Первый касался злосчастной истории с пластмассовой мыльницей, о которой никто ничего так и не узнал, потому что она никому ничего не сказала. Вначале, когда язык еще с огромным трудом шевелился во рту, Антонина Федоровна много и всегда с острой и горькой обидой думала о чудовищном позоре, который обрушила на нее бывшая ученица. В тот период Иваньшина непременно добилась бы строгого наказания продавщицы Трошиной, но язык тогда не подчинялся ей, и гнев постепенно утихал. Память, к счастью, у нее не пострадала, и, старательно вороша сейчас ту давнюю историю с исключением девочки, Антонина Федоровна начала допускать и вероятность собственной ошибки. Она отчетливо помнила, как рыдала в кабинете Трошина, как уверяла всех, что хотела только подшутить над подругами, попугать их; как ей все не верили, хотя, в сущности, это объяснение было правдоподобным. Да, девочка вполне могла позволить себе идиотскую шутку, розыгрыш своих одноклассниц, но эту версию никто тогда не пожелал рассматривать, и директриса в первую очередь. И прибегла к самому простому для нее и самому жесткому для девочки решению: исключить из школы за аморальное поведение. Вывод был скоропалительным, суд, скорее всего, неправым, а неправый суд рождает жажду возмездия. И после долгих колебаний и размышлений Антонина Федоровна признала за Трошиной право на мщение, и этот вывод, как ни странно, не просто успокоил, а и умиротворил ее; с гневом, обидами да и вообще с неприятными воспоминаниями о той нелепой сцене в универмаге было покончено раз и навсегда, и никто никогда об этом так и не узнал.

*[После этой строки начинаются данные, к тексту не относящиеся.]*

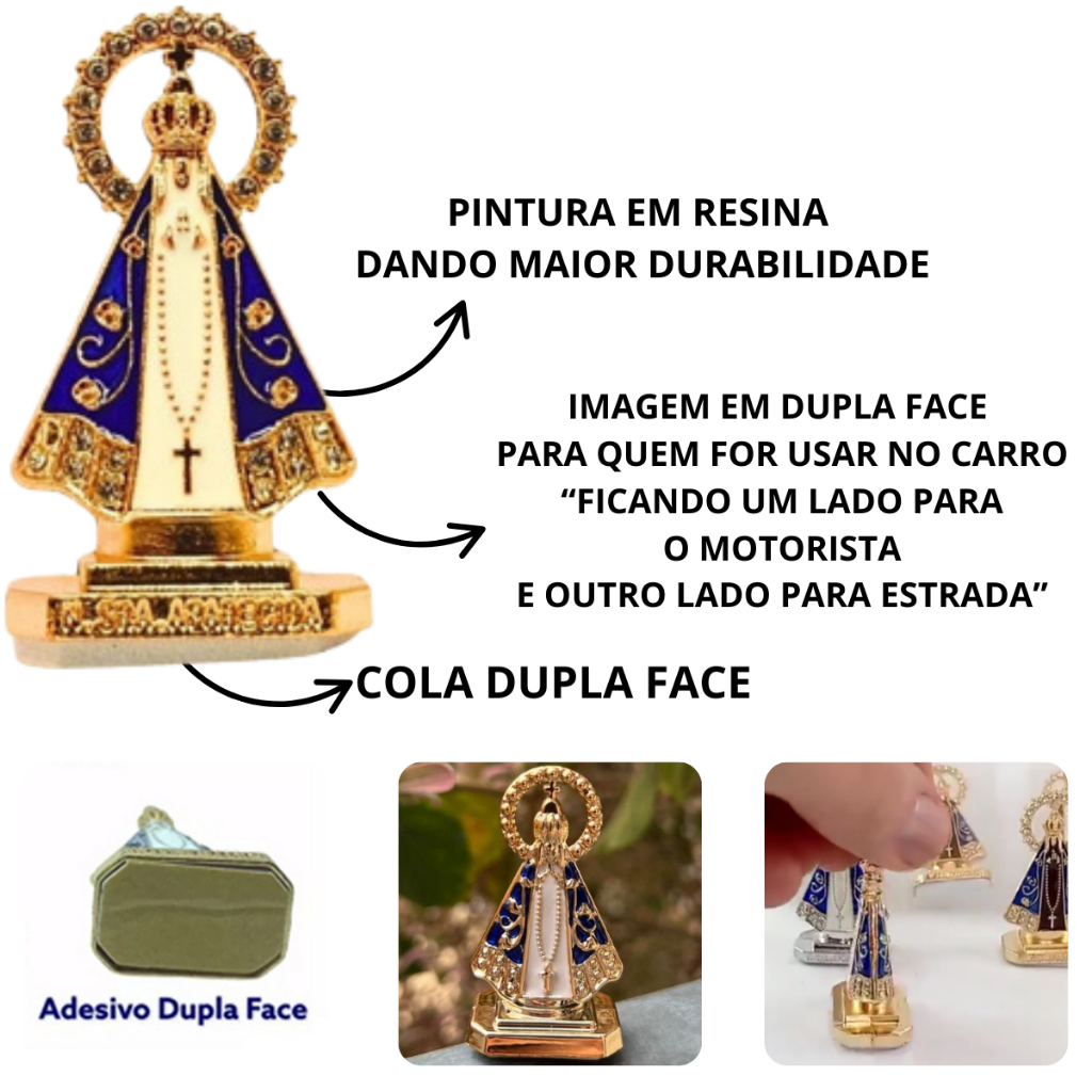 ENVIOS EM MENOS DE 24 HORAS !! SELECIONAR A VARIAÇÃO COM A QUANTIDADE DESEJADA Kit Imagens Nossa Senhora Aparecida para Carro – Fé e Proteção no Seu Caminho! Leve sua fé para onde for com este kit exclusivo com ate 3 mini imagens de Nossa Senhora Aparecida para colar no carro você pode escolher a quantidade desejada! Ideal para quem busca proteção divina no dia a dia e quer deixar o veículo com um toque de espiritualidade e carinho. Cada imagem é feita com detalhes delicados e acabamento de qualidade, disponível nas cores branca, marrom e prata, para você escolher a que mais combina com seu estilo — ou presentear quem você ama! Com fita dupla face já instalada, é só destacar e aplicar onde quiser: no painel do carro, espelho retrovisor, porta de entrada ou até mesmo no escritório. Simples, rápido e cheio de significado. Especificações: Material: PLASTICO Peso (cada unidade): Aprox. 25g Altura: 5,5 cm Cores: 1 branca, 1 marrom Fixação: Fita dupla face já aplicada (pronto para uso) Uso: Ideal para carro, escritório, casa, entre outros O que acompanha o pacote: 1 Imagem de Nossa Senhora Aparecida na cor branca OU 1 Imagem de Nossa Senhora Aparecida na cor marrom Todas com fita dupla face para fácil instalação

Удивительное дело: признание собственной неправоты и тем самым, так сказать, отпущение греха той, которая спровоцировала второй приступ тяжелейшей ее болезни, породило в душе ее стойкое, тихое, равносильное почти праздничному настроение. Она представила, что могло случиться, добейся она сурового наказания продавщицы, и честно призналась самой себе, что то злорадное и быстротечное торжество, которое, вероятно, она испытала бы при этом, было бы в результате ущербным, как яблоко с жирным белым червяком в сердцевине. Теперь она думала о том, что гнев не дает и не может давать радости, ибо он обладает не созидательной, а лишь разрушительной энергией, – вот к каким мыслям пришла Иваньшина в конце концов, и мысли эти согрели и утешили ее, и к обдумыванию второго насущного вопроса она подошла с хорошим запасом спокойствия и готовности творить справедливость.